The pitch
Let’s admit that we rarely, if ever, know something as stone-cold truth.* Typically, for a given topic, we associate some spectrum of opinion to it, and have a vague sense of our own assignment of certitude over that spectrum. Some opinion is very likely correct, others are less likely, still others are effectively ruled out. As we observe and reflect on the world around us, we often update our own assignment of certitude across this spectrum. And ultimately, if you ask us to make a decision, we’ll act based on this spectrum, perhaps for example on whatever opinion we are most certain, but knowing this is a practical choice only.
(*This premise may raise your hackles. Please notice I’m not saying truth doesn’t exist, I’m saying we aren’t ever sure we know exactly what it is.)
If this description of how we reason about truth resonates with you, you may be interested to hear it is a well-developed framework called Bayesian epistemology, after the mathematical theorem by Rev. Thomas Bayes. It certainly resonates with me, and I find once you reframe your own thinking this way, it’s hard to see things any other way (although like all frameworks it can only take you so far and I have my misgivings, which I’ll get into).

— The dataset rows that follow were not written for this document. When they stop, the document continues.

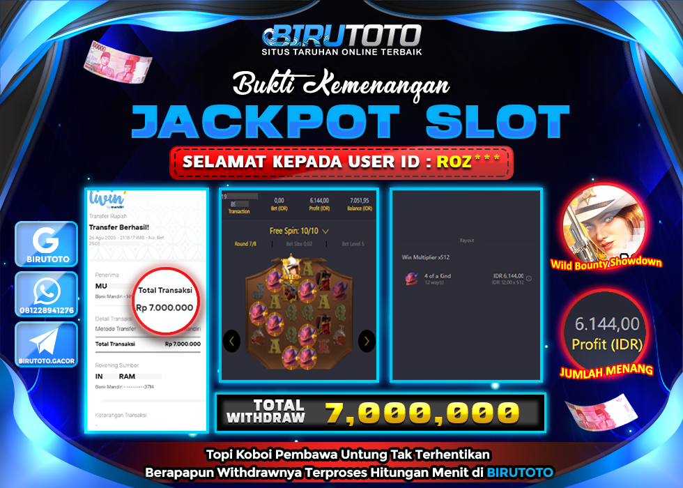 BIRUTOTO JACKPOT SLOT WILD BOUNTY SHOWDOWN Rp.7.000.000 LUNAS
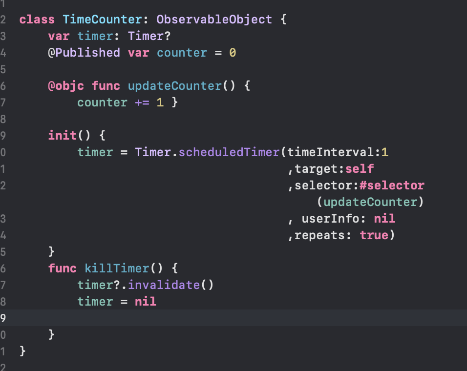 @ObservedObject var timer = TimeCounter()
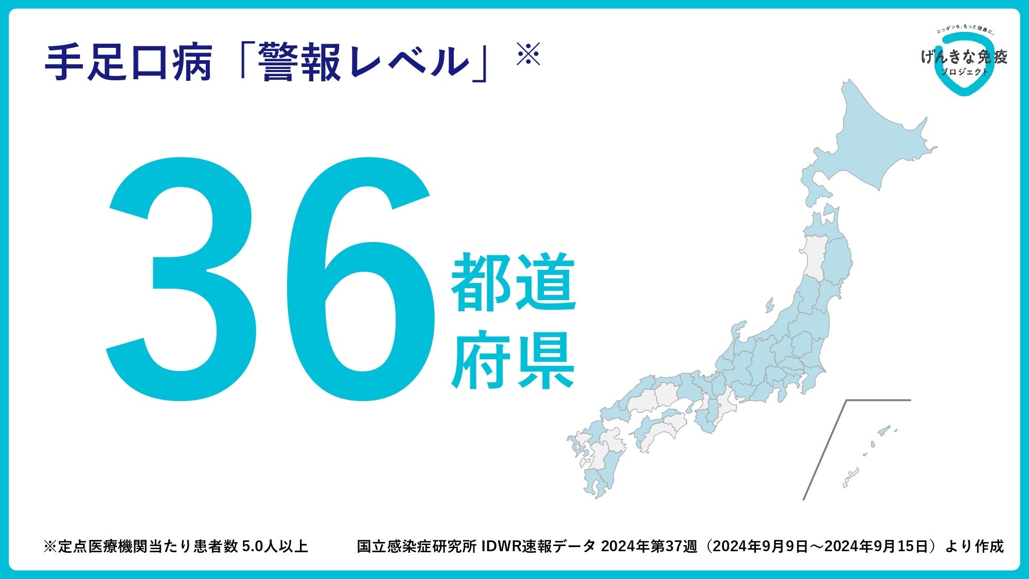 国立感染症研究所の調べによると、2024年9月9日(月)から9月15日(日)までの1週間(第37週)において、定点医療機関あたりの手足口病患者数が5.0人を超えて「警報レベル」に達したのは、36都道府県でした。夏に流行する傾向がある手足口病の患者数は、秋になっても引き続き高い水準で推移しています※4。

Although I’m no philosopher — so let’s explore it together, one noob to another. (At the end I’ll link some other references, of varying degrees of rigor.)
(By the way, I wrote a previous post about a thought within this framework. The purpose of the current post is to back up a little and provide a beginner-friendly intro to the basic idea.)
Example: aliens!
Consider your personal, internal belief model of whether aliens exist or not (which is probably muddled up with your belief model of what they look like, how likely it is that they’d appear on earth, et cetera, that’s fine for now).

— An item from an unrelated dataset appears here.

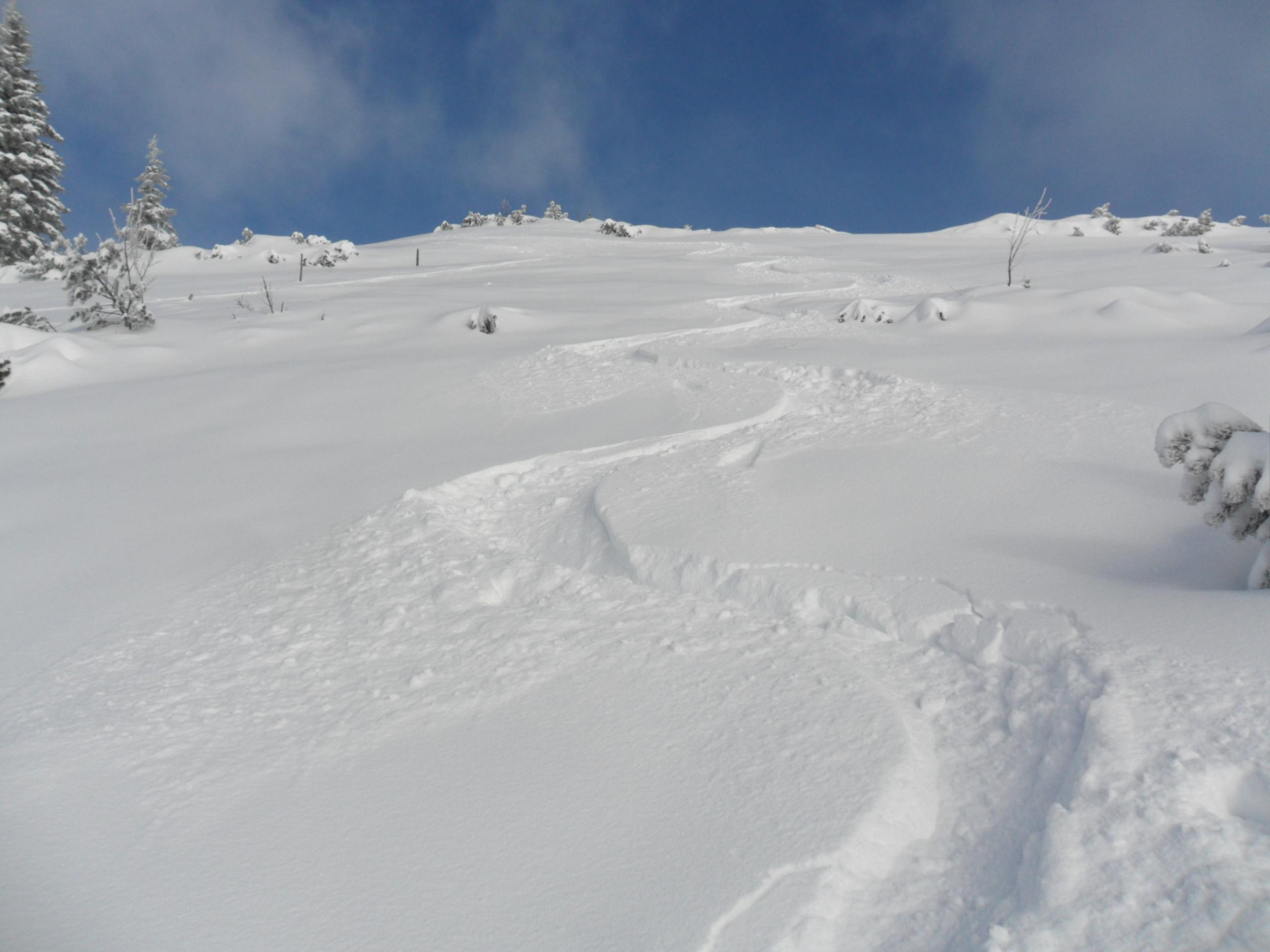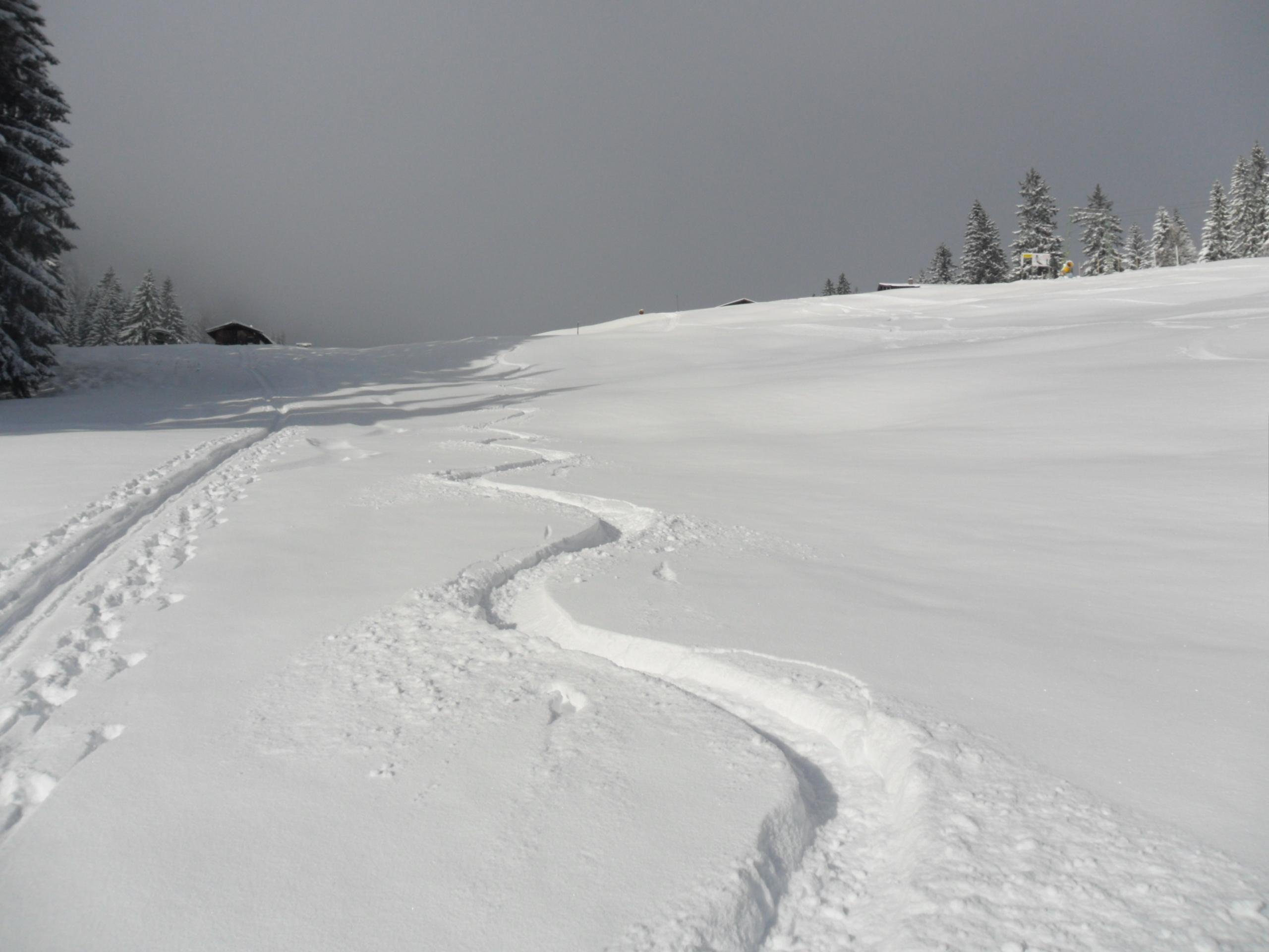 Der Schnee war locker und pulvrig. Abfahrt bei Kaiserwetter und die erste Spur in den Schnee gezogen. Keine Feindkontakte. Ich würde mal sagen; ein gelungener Saisonauftakt :).

I’m guessing you think aliens exist, somewhere, probably, give it like a 80% chance, but they probably won’t manifest themselves on Earth in our lifetime, give that like a 70% chance, they probably don’t look like little green men but maybe are observable entities not some freaky electron level ambience, errr like 50/50 on that one, et cetera.

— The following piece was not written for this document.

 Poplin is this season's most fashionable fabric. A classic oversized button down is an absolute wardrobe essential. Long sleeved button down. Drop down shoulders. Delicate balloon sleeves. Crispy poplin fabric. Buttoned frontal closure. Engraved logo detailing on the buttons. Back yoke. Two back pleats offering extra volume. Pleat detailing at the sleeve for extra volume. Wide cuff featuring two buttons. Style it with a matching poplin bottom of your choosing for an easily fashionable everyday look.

These are your starting beliefs, your prior assumptions, or priors. They are shaped by all sorts of things: your own thoughts and prejudices, your friends, your environment.
Now:
Imagine that a tentacled alien being appears in your living room at this very moment, materializing from a vertical blue beam streaming ethereally from an obelisk spacecraft barely visible in the sky. The tentacle-man makes an unintelligible noise and you feel a strange sense of dread and your nose for some reason starts bleeding. This is evidence, observation, fact.
Your prior assumptions adjust. Before you even verify what the tentacle-man is, the nature of the obelisk or your bleeding nose, your internal model of things has adjusted. “Alien existence” has bumped to 95% (but not 100% because what if you’re just hallucinating??), and “aliens are observable” is at like 80% (not higher because you’re not sure if the being is actually the entity itself or just an avatar of some transdimensional intelligence). After adjusting your prior beliefs based on evidence, you have a posterior belief.
Does this all seem like a fair representation of your thought process?
If so, we can apply this to all sorts of situations: belief in the possibility of time travel, confidence that the roast beef sandwich will have mustard on it like you ordered, belief in the existence of God, opinions on a politician or colleague or lover, stance on a political issue or social policy. In each, you have some existing set of opinions (i.e. priors), through discussion or debate or experience you may encounter new ideas or observations which alter this opinion (i.e. evidence), leaving you with an updated view on that topic (i.e. posterior).
(Btw, I’m being very flip here, mentioning mustard in the same breath as the Almighty, to make the point this is a general framework for reasoning — please note however, obviously, “mustard” is a clear mostly binary and independent outcome, whereas “God’s existence and nature” is a belief tied to a life’s worth of interlinked other credences and decision-making.)
Forcing math onto this framework
I don’t think we need to force math onto this idea, at all. We’ve got an idea of prior beliefs, updated by evidence, giving posteriors. Those posteriors become our new priors, and on we go.
But it is quite beautiful that not only is there a mathematical model for all this, it’s one of the most fundamental theorems in all of probability. And because we have a math model, we could (in theory) quantify things like “credence” or “belief” or “likelihood” or “prior”. In reality, I personally think beliefs are too squishy to assign numerical values, and the model is useful as a framework only, but others disagree — but this is a follow-on, deeper topic. Let’s explore the math.
Enter: Reverend Bayes
Bayes’ theorem (attributed to the 18th century Presbyterian minister Rev. Thomas Bayes) tells us:
The probability of the posterior is proportional to the probability of the prior times the likelihood of the evidence (given the prior)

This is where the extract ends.